We are familiar with this from portable electrical devices: when a lot of energy is required, several batteries are needed.
Our large battery systems work in a very similar way: basically, they are huge, rechargeable lithium-ion batteries that are connected to each other via a control centre. They are ideally suited for operation at medium charge levels, which is required for the provision of primary control power. Each large battery system consists of ten containers with a total output of 15 MW – none of the systems installed in Germany at the end of 2016 could match this output. By early 2017, we will have built a total of six systems with a capacity of more than 120 MWh – more than all other systems using the same technology combined. In 2023, battery storage will account for 630 MW of pre-qualified capacity, of which 90 MW will be attributable to Iqony alone. With this storage capacity, it would theoretically be possible to supply 300,000 households for one hour.

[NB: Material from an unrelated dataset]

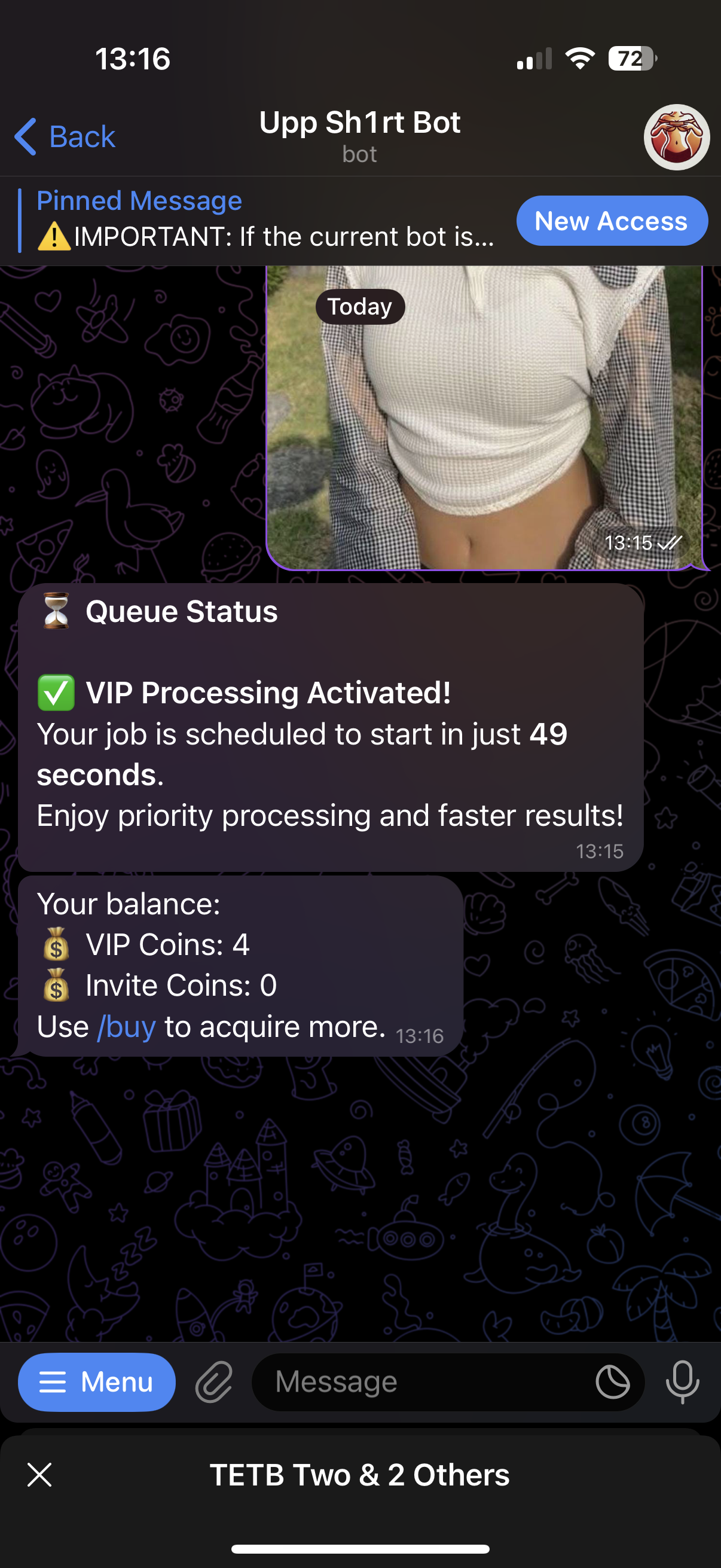 Chọn con ảnh đẹp nhất của tụi mày rồi hẵng đăng lên ko phí của. Chỉ free 1 lần thôi. Tao gợi ý ko bấm lung tung phí cơ hội nè : tiếp viên hàng không bamboo, nhân viên ngân hàng tp bank, giáo viên, nữ sinh bùi thị xuân, đồng nghiệp, bạn học.... nghĩ kĩ rồi hẵng test nháaaa.

German-French-South Korean co-production
How our large battery systems are manufactured
The containers housing the technical equipment are built and preconfigured by industrial systems specialist Nidec in France, while the battery cells and modules are manufactured by LG in Ochang, South Korea. A special manufacturing process ensures that the JH3 lithium-ion battery cells take up little space and are extremely safe and stable.
A certain number of battery cells are assembled into a module. Each module has a protective circuit and a management system that monitors the status of the batteries. The battery modules are then transported by ship and lorry to the individual locations – strict attention must be paid to maintaining certain temperatures so that they are not damaged. On site, 17 battery modules are assembled in racks, which are installed in the containers and connected.

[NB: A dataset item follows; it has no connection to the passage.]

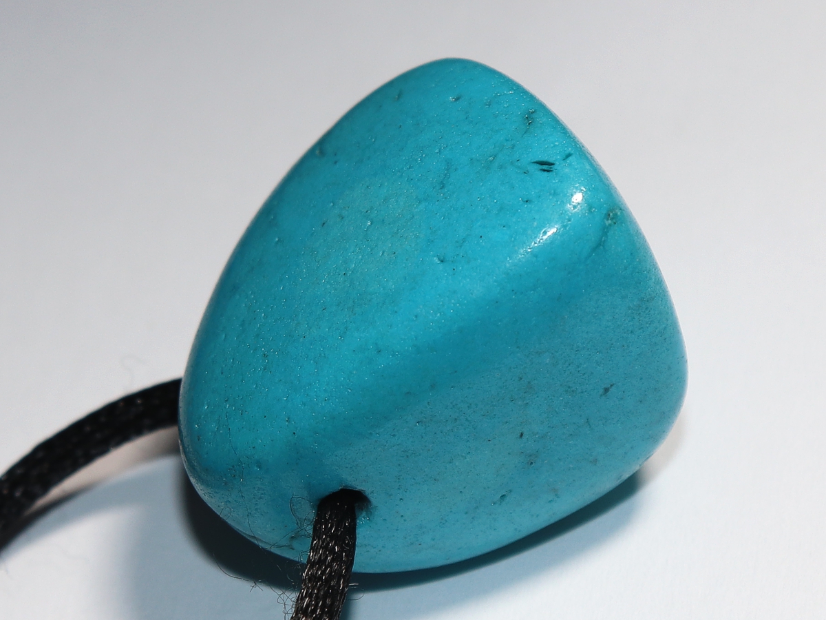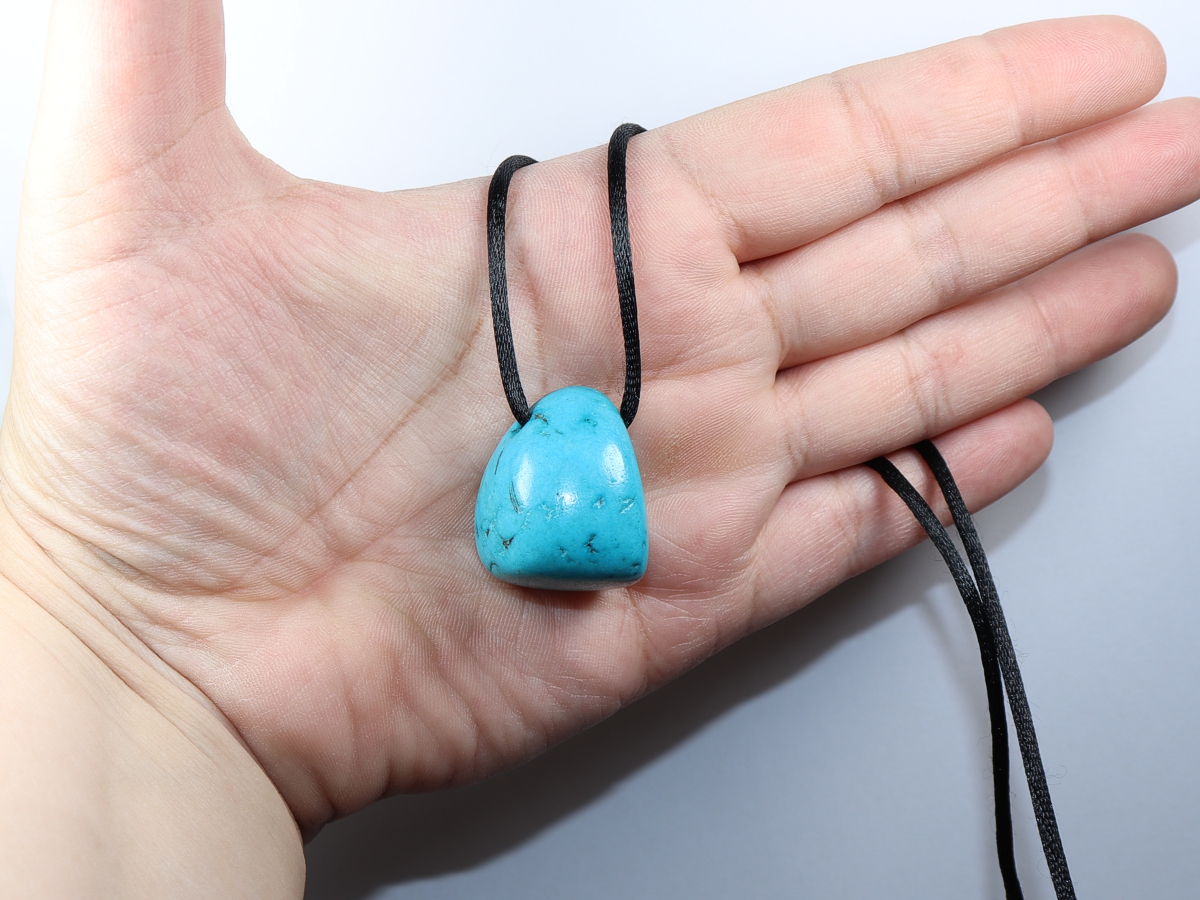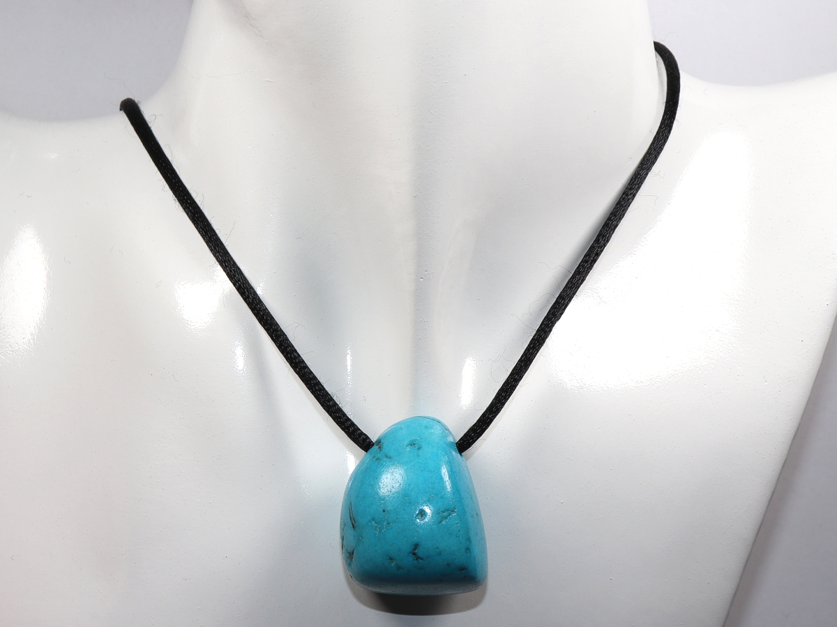 Der Anhänger aus Türkis (rek.) wird mit einem schwarzen Nylonband geliefert.

The environmental benefits of our large-scale battery systems
Until now, primary control power has mainly been provided by conventional power stations.

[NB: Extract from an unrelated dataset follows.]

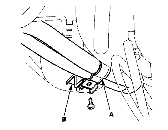3. Install the A/C line clamp (A) on the lower replacement A/C line. Slide the bracket onto its A/C line bracket (B), but do not install the screw yet.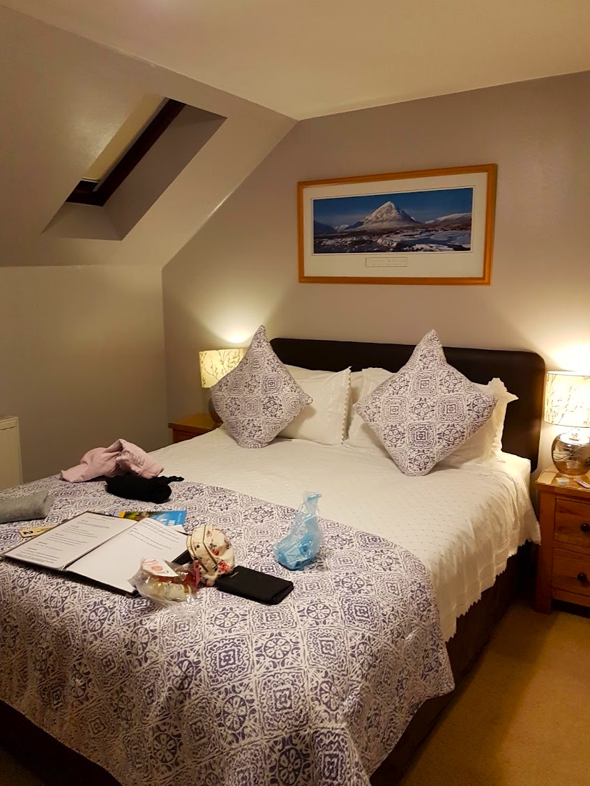 E nesta nota alta a noite chegou. Como disse acima, nesta altura do ano, anoitece bastante cedo, às 4 e meia já é completamente de noite. Fomos então em direção a Inverness, para o nosso alojamento – Dunhallin Guest House. Batemos à porta e os donos ao nos verem ficaram muito espantados. Então não é que se esqueceram que iam ter hóspedes naquela noite? Mas foram super prestáveis e simpáticos e numa rápida espera de 5 minutos estava o nosso quarto pronto. E um belo quarto, com espaço de estar com sofá e televisão. Achei bastante querida a decoração da casa-de-banho.

These power stations ramp up or ramp down electricity production depending on whether energy needs to be fed into or withdrawn from the grid. To do this, however, they must generate a certain minimum load at all times during the entire tender period of one week – and to do so, they burn coal, oil or gas. This is not necessary with our large batteries. In addition to providing the necessary storage capacity for integrating renewable energies, we are thus making a valuable contribution to climate and resource protection.
Why large battery systems will become increasingly important in the future
When conventional power stations are gradually taken off the grid in the near future, it is likely that the balancing of the grids will have to be carried out with virtually no conventional generation plants for an increasing number of hours each year.
By then at the latest, large batteries will be a very efficient and cost-effective alternative to today's conventional power plants for primary control power and security of supply, and in our view they will be indispensable.
In the context of the energy transition, large batteries will be able to take on even more tasks in the future, such as securing the power supply in decentralised grids, which are becoming increasingly important. Here, too, large batteries can compensate for fluctuations caused by fluctuating feed-in and consumption. This makes decentralised grids less dependent on the supra-regional high-voltage grid, reducing the need to expand this grid.
With the commissioning of the six large battery systems, Iqony took a big step towards the energy future as a pioneer.
In 2020, we broke new ground again and were the first to relocate a large battery system from Lünen to Bexbach. From 2023, we want to take another step into the future and highlight new opportunities for large battery systems.